MTU positioned for success
The first-generation GTF engine has already enabled airlines to save more than four million metric tons of CO2 in flight to date. Compared to its predecessor, the PW1100G-JM represents a reduction in fuel consumption and associated carbon dioxide emissions of around 16 percent each and its noise footprint on the ground during takeoff is some 75 percent smaller. The new engine also brings significant improvements in terms of NOx emissions, which are 50 percent lower than those of its predecessor.
MTU is involved not only in the development and production of Pratt & Whitney’s GTF™ engine family but also in its maintenance. “In the current situation, MTU’s positioning has particular advantages,” Niffka says. “We have a strong focus on engines for narrowbodies and are benefiting from the GTF’s market success.

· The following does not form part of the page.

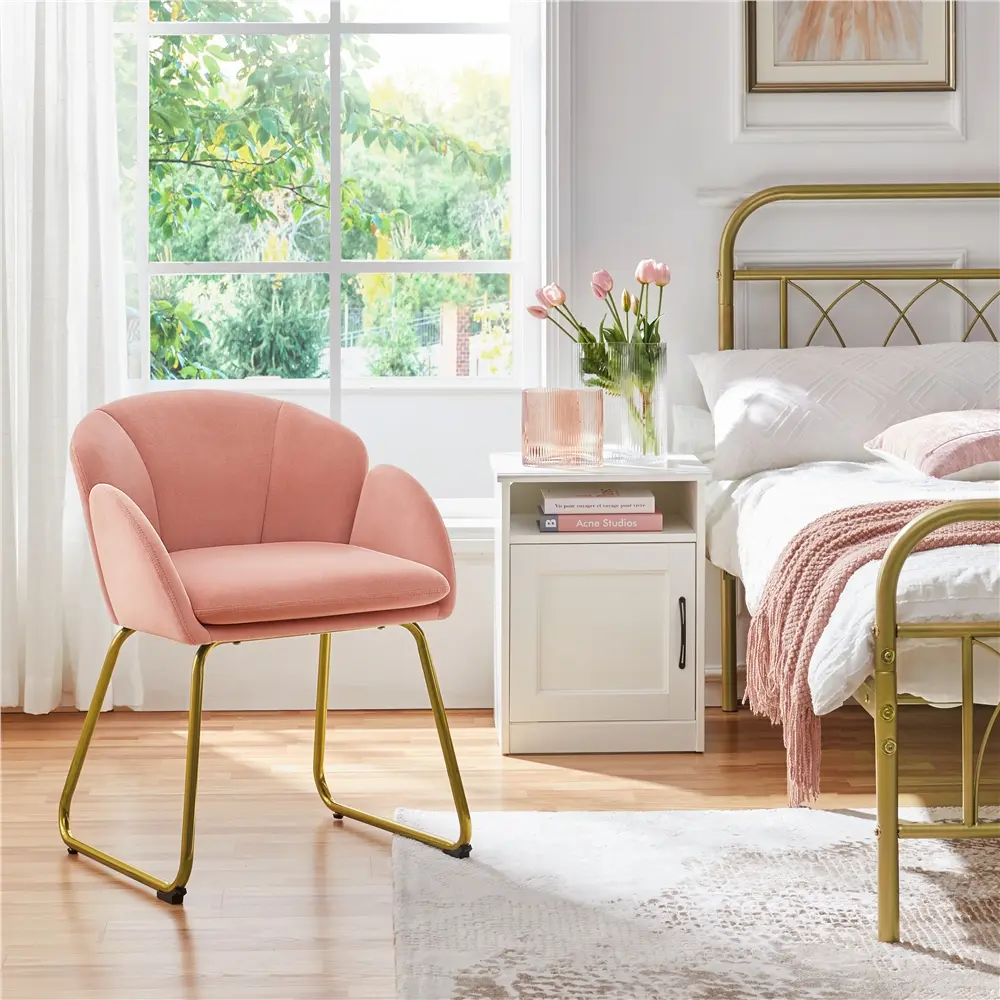Want an unusual dining chair to decorate your kitchen? Need a contemporary living room chair to light up your room? Choose this upholstered accent chair with a blooming flower design. It's made of a solid manufactured wood frame, gold-tone metal legs and soft-to-touch velvet upholstery, providing excellent stability and durability. Soft padded with thick high-density foam, this armchair offers an ideal spot for you to work, dine or relax. The flared backrest flawlessly fits your back, providing just-right body support for longer sittings. The padded, round armrest flawlessly lines up with your arms, making you more relaxed while sitting. The compact size and lightweight design make this side chair ideal for living rooms, kitchens, bedrooms, offices, apartments, and other small spaces.

In both the OEM and MRO sectors, we are ideally positioned as a partner for airlines and Pratt & Whitney.”
For one thing, MTU is a reliable partner in the worldwide MRO service network for the PW1100G-JM. This network gives customers access to maintenance facilities—known as shops—that have experience, know-how, and capacity and offer high-quality services.

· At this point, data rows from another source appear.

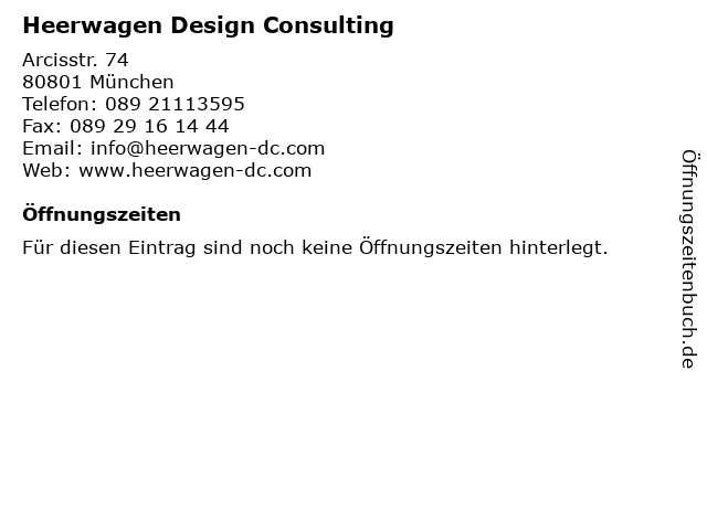 | Öffnungszeiten Heerwagen Design Consulting in München anzeigen | |
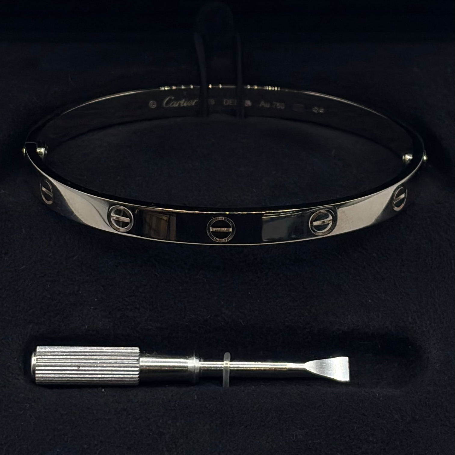 Cartier White Gold LOVE bracelet, size 19, full set, Cartier polished 2025
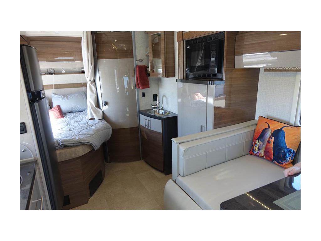 The corner bed worked for us, especially with the convenience of a Travasak (no longer manufactured, but similar to the RV Superbag). For more information on bedding click here for a more in-depth story. The shelf above the bed was a great place to place our iPads and phones for charging while we were sleeping. Under-bed storage access with a gas strut lift made lifting the bed very easy.
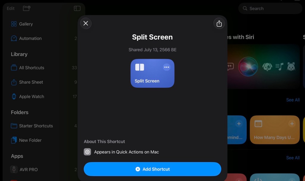 - ติดตั้ง Shortcut ชื่อ Split Screen ครับ
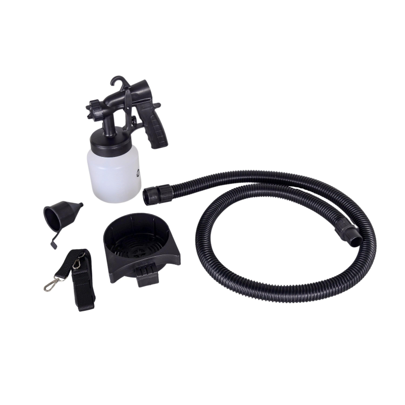 Разнесенные компрессорный блок и краскораспылитель, снижают вес в руках оператора. Гофрированный шланг позволяет окрашивать поверхности, при нахождении компрессорного блока на полу. Воздух из компрессора подается гофрированным шлангом в краскораспылитель. Из бачка под давлением сжатого воздуха, краска всасывающей трубкой подается в форсунку, для смешивания ее

It includes fully three facilities within the MTU network, each offering full disassembly, assembly and test capabilities for the PW1100G-JM. MTU Maintenance Hannover has been providing maintenance services for the PW1100G-JM since 2016. EME Aero, the MRO joint venture between Lufthansa Technik and MTU in Jasionka, Poland, opened its doors in 2020. MTU Maintenance Zhuhai is the latest partner to join the global MRO network for the PW1100G-JM. It is setting up another site specifically to handle this work.
“Having established a successful market position for itself with the V2500, one of the most successful narrowbody engines of all time, MTU was well placed to become such a strong partner in the GTF network, too, and provide the top-quality support,” Niffka says.
Flexible in every way
Moreover, as an independent maintenance provider, MTU Maintenance is a global player—especially in the narrowbody market. This is primarily due to the comprehensive services it offers, which cover the entire lifecycle of engines and are tailored to specific customer requirements. MTU can also offer its customers MRO services at locations all over the world. “Airlines want more flexibility,” Niffka says, “and we can provide that flexibility in every way—either as an independent MRO service provider or as part of the successful OEM network for the PW1100G-JM.”